Avonturen uit ’t vierde

Teamuitje werpt licht op de zaken

Al sinds het begin van het seizoen woedt er in het vierde een discussie die maar niet beklonken lijkt te willen worden. Zoals bij elk nieuw team worden er in het begin van het seizoen afspraken gemaakt hoe er gespeeld gaat worden. Hier waren we snel uit. Verdedigend gaan we voorverdedigen.

En daar zit hem de crux. Hoe maak je aan je teamgenoten duidelijk dat je “ervoor” bent. Al jaar en dag pleit ik voor het simpele “ik ben ervoor”, dat ik definieer als ‘ik ben in de positie voor mijn heer, die tussen mij en de paal in staat’. Daarmee probeer ik duidelijk te maken dat mijn heer niet aangespeeld kan worden op de “tussenspelpositie”, zodat de dames “erop” kunnen. Ze hoeven dus niet zo “laag” te blijven, wat natuurlijk wel het geval is als ik “erachter” ben.
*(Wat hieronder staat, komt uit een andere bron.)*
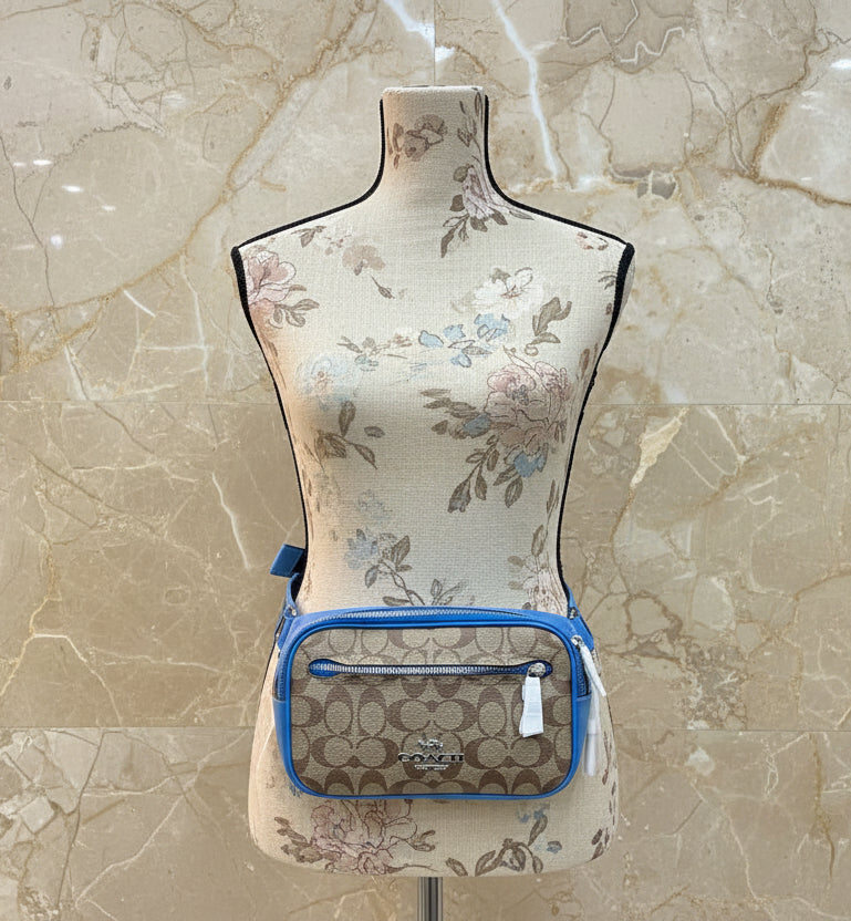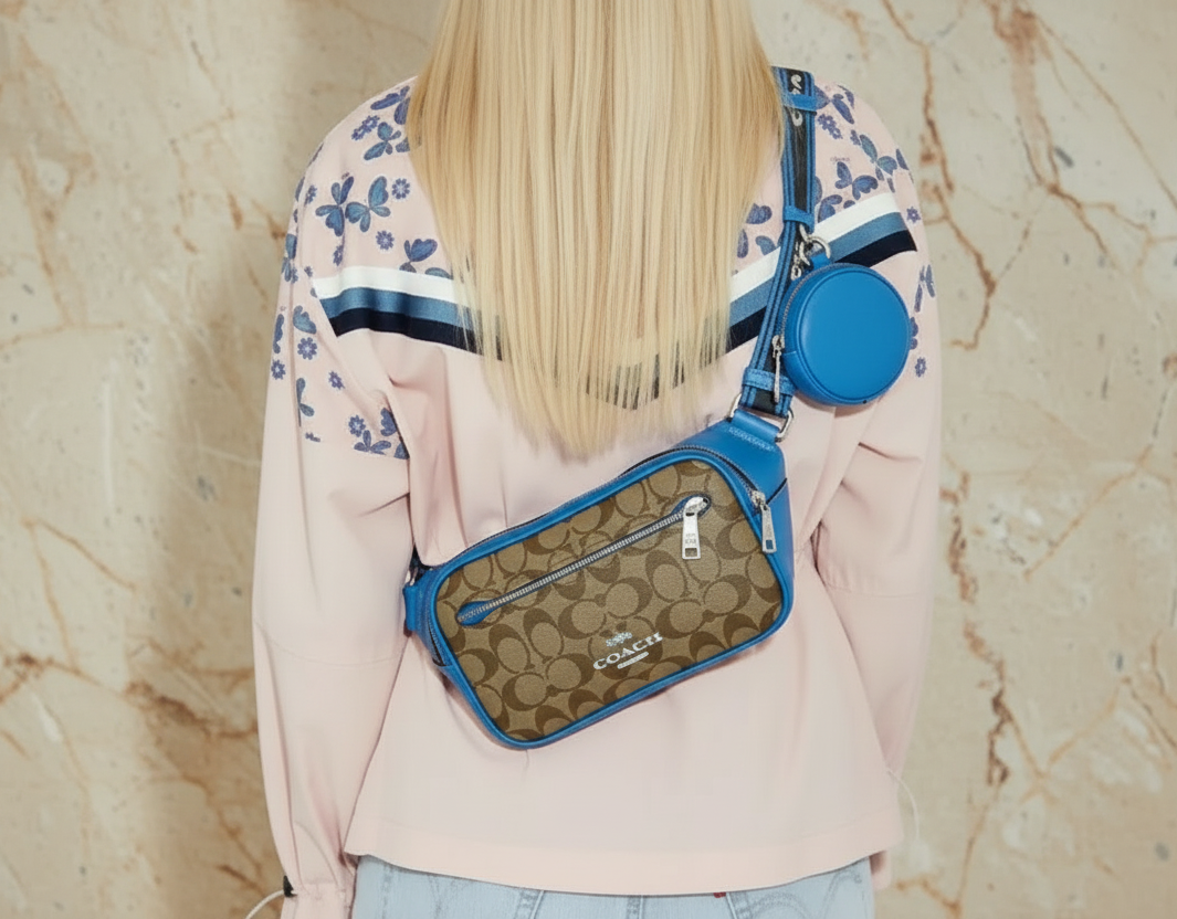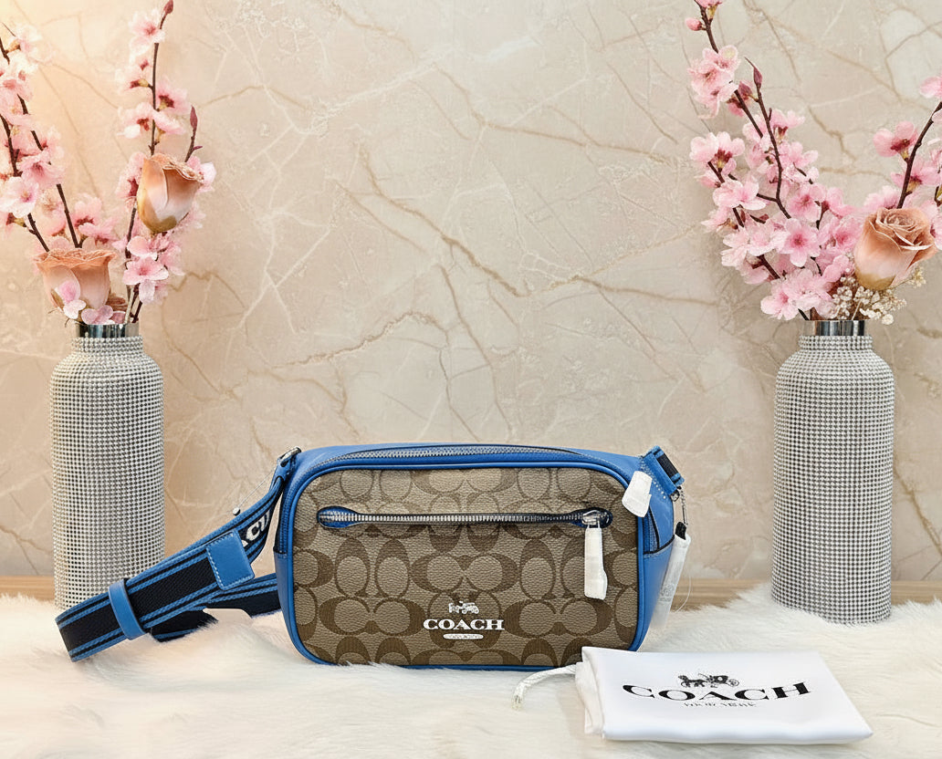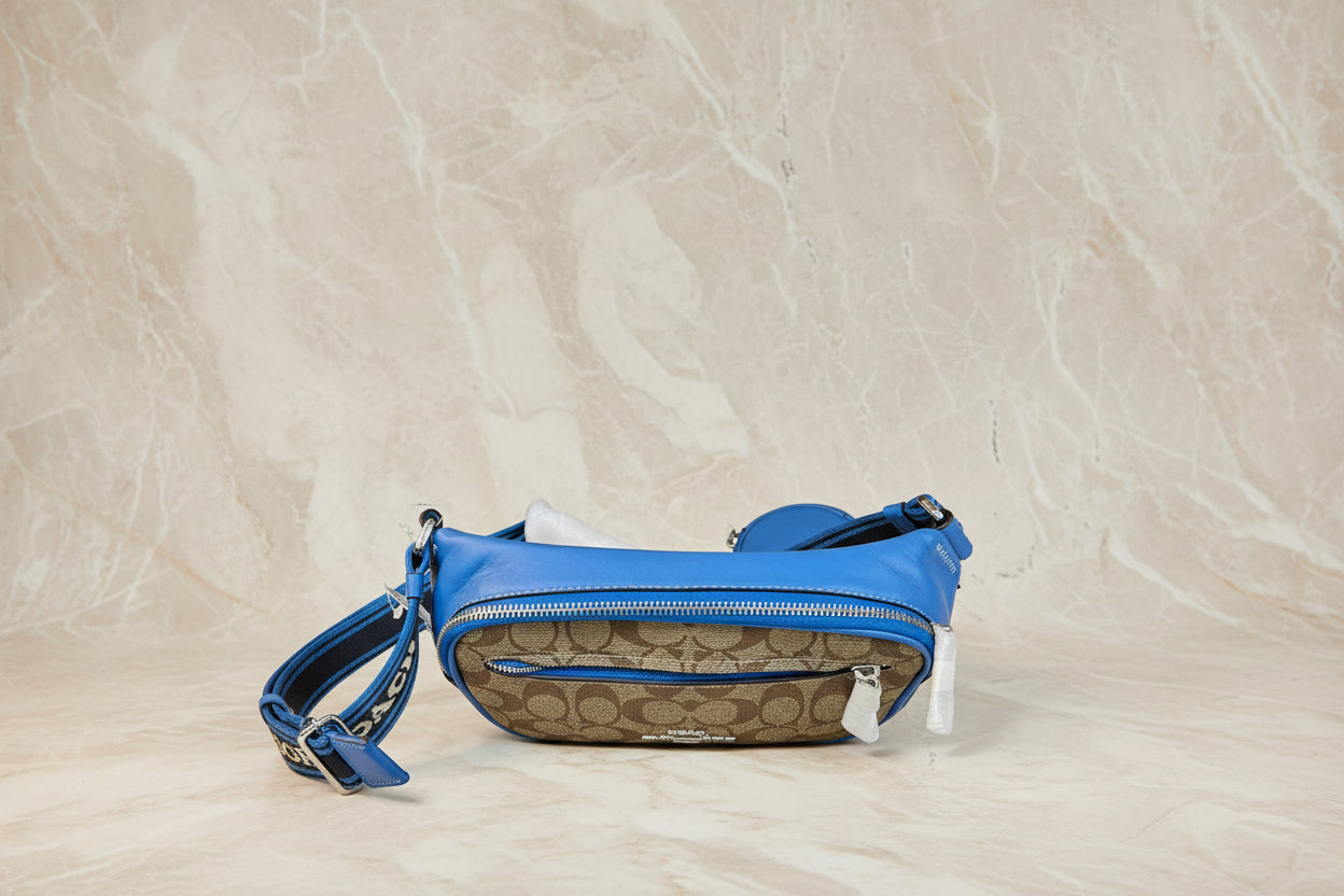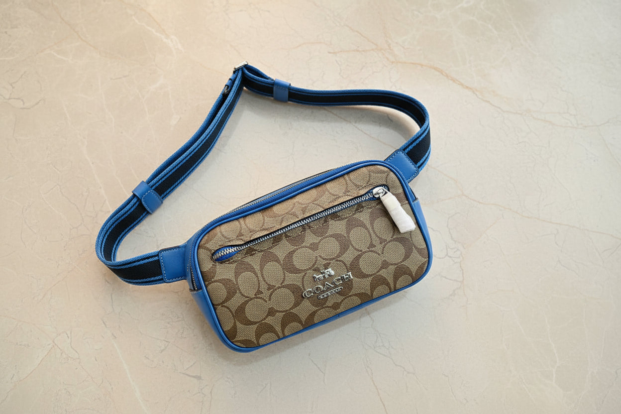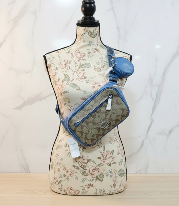 حقيبة خصر/حقيبة صدر/حقيبة جسم من كوتش إلياس، مصنوعة من قماش مميز بألوان متداخلة - كاكي/أزرق سباق

Zo simpel is het echter niet. Een ander zegt weer “ik ben ertussen”, om daarmee duidelijk te maken dat de dames hun vingers bij de tegenstandster in de neusgaten kunnen stoppen. Of “we zijn er” als de dames “toe” kunnen gaan. En zo draaien er meerdere systemen op proef om het meest ideale te identificeren. Gelukkig heeft dit communicatieprobleem nog niet geleid tot puntverlies.

Bij het teamuitje kwamen we erachter dat het eigenlijk een klein wonder mag heten dat we überhaupt met elkaar samen kunnen spelen. Stadhouder Willem van Oranje had het zelf niet kunnen voorzien toen hij de zeven provinciën bij elkaar wist te houden.

Zo komt J. van B. uit het christelijke Zeeland waar korfbal nog steeds in lange rok gepeeld wordt, ten opzichte van J. N. uit het vrijgevochten Friesland, waar een paaldame rustig een koerhoer genoemd wordt. Ikzelf kom uit een gehucht dichtbij R’dam, waar de deurbel als teeeerrrrrring klinkt. Ook S. v.d. H. komt uit het westen waar de zeewind de stem luider doet klinken. Mijn eega komt van oorsprong van onder de rivieren waar vrouwenkorfbal zijn eigen taal kent. B.S. spendeerde een lange tijd van zijn leven in het elitaire Voorburg tegenover L.L. uit Den Haag, waar Haagse Harry de boel onder vloekt; kankoah! J. V. woonde ook op stand in De Bilt en drinkt haar thee met haar pink fier in de hoogte. Gelukkig hebben we als Utrechtse club ook nog drie echte Utrechters. Bij het dessert leggen ze ons nog maar eens uit waarom ze geen Utrechtenaren zijn. En het eeuwenoude Griekse dessert met walnoten, filodeeg en honing heet hier gewoon bakkie loava.

F. V.

P.S. Voor de echte Utrechtse uitspraak vraag C. de B.